2. Petitioner is not barred by collateral estoppel from levying the increased assessments. Pp. 466 U. S. 361-363.
(a) Collateral estoppel was applied here as a matter of federal, not state, law, and thus the case is not insulated from review in this Court on the asserted ground that, because Michelin did not expressly overrule Hooven I, state law principles of collateral estoppel bar imposition of the Ohio tax on respondent's imported fibers. The case concerns federal issues and a contention that a state court disregarded a federal constitutional ruling of this Court.
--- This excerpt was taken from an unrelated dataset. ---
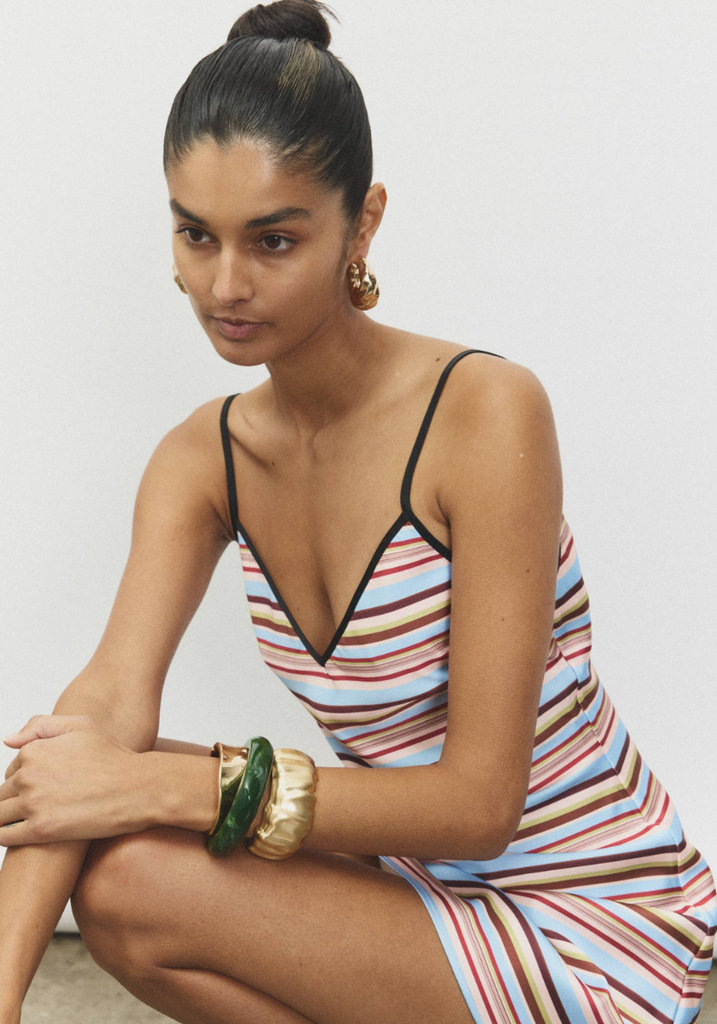 Discover our best-selling silhouette in the exclusive Vintage Stripe print. Cut on the bias for a perfect drape, this A-line design flatters the body effortlessly. Featuring striking colours, it’s the perfect throw-on dress for any occasion.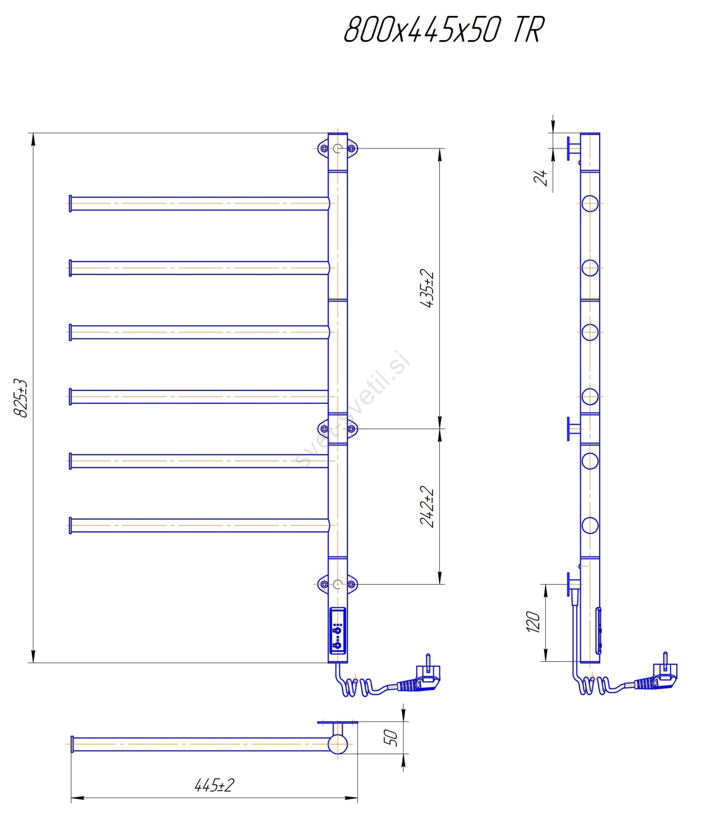 Električni vrtljivi grelec za brisače VEER 80W/230V 80x44,5 cm nerjavno jeklo/sijajni krom

Pp. 466 U. S. 361-362.
(b) While the parties, the tax, and the goods imported in their containers are the same here as in Hooven I, the years involved are not. Because of this difference in tax years, the case is controlled by Commissioner v. Sunnen, 333 U. S. 591, a federal income tax case wherein it was held that an earlier decision of the Board of Tax Appeals involving the same facts, questions, and parties, but different tax years, was not conclusive under the collateral estoppel doctrine because certain intervening decisions of this Court made manifest the error of the result reached by the Board. Failure to follow Sunnen's dictates would lead to the very tax inequality that the admonition of that case was designed to avoid. Pp. 466 U. S. 362-363.
4 Ohio St.3d 169, 447 N.E.2d 1295, vacated and remanded.
BLACKMUN, J., delivered the opinion for a unanimous Court.